Chemistry boosts drug libraries
When pharmaceutical companies begin looking for a drug candidate, they use a filtering process known as "high-throughput screening". Here, large numbers of different chemical compounds are tested to see which will bind to a protein that is the target of the disease they want to address.
Pharmaceutical companies actually have libraries of 1-2 million “small-molecule” compounds collected over years. But in many cases, screening classical small-molecule compounds can’t identify drug candidates simply because they don’t contain a compound that binds sufficiently strong to the target.
A solution has been found in the “macrocycles”, an emerging class of molecules that have proven to be ideal for binding difficult targets like proteins with flat surfaces or even proteins bound to other proteins. The problem is that current macrocycle libraries only contain less than 10,000 compounds, which limits the chance of finding drug candidates that can bind a given disease target.
But a group of chemists at EPFL have now found a way to generate large numbers of macrocycles, which can significantly increase the sizes of available libraries. The breakthrough is the work of the group of Professor Christian Heinis at EPFL’s School of Basic Sciences.
“Our approach is based on combining a large number ‘m’ of different macrocyclic scaffolds with a myriad of ‘n’ chemical fragments to generate ‘m×n’ different macrocyclic compounds,” says Heinis. “For example, we generated a library of 19,968 macrocycles by reacting 192 macrocycle scaffolds with 104 carboxylic acid fragments.”
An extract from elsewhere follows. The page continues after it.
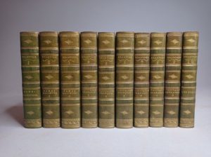 BRANTÔME. Mémoires de Messire Pierre du Bourdeille, Seigneur de Brantome. Leyde, Jean Sambix le jeune, 1665-1666-1722. 10 volumes petit in-12, maroquin vert à long grain, filets dorés et roulette à froid en encadrement avec fleuron d'angle, dos orné, roulette intérieure, tranches dorées (Reliure du milieu du XIXe siècle). Collection complète elzévirienne des œuvres de Brantôme (cf. Willems, n°1369). De la bibliothèque du comte Maurice de Périgny. Chiffre couronné presque effacé en bas de la page de titre du tome II. Quelques légères rousseurs, dos un peu passé, traces d'oxydation sur les gardes.

With the help of EPFL’s Biomolecular Screening Facility, the scientists performed the reactions in tiny volumes of 40 nanoliters and by transferring the reagents using acoustic waves, which is enormously fast. Through the miniaturization and the high speed, the library of 19,968 macrocyclic compounds was put together in just half a day.
To test the method, the PhD student leading the project, Sevan Habeshian, used it to develop nanomolar inhibitors against thrombin and the MDM2:p53 protein-protein interaction, which are drug targets for strokes and cancer.
Working with scientists from the universities of Padova and Venice, the team got an X-ray structure of the thrombin inhibitor while it bound the protein. “The structural analysis validated the approach of screening compounds containing macrocyclic cores and laterally linked chemical fragments,” says Habeshian.
“We are currently applying the approach for developing macrocyclic compounds to a range of disease targets for which pharmaceutical companies are struggling to generate drugs based on classical small molecules,” says Heinis. “Given the small size and the limited polar surface of macrocyclic compounds, they have a high chance of being passing through cell membranes, which means that they can be used to developing drugs for intracellular targets or even drugs that are taken orally.”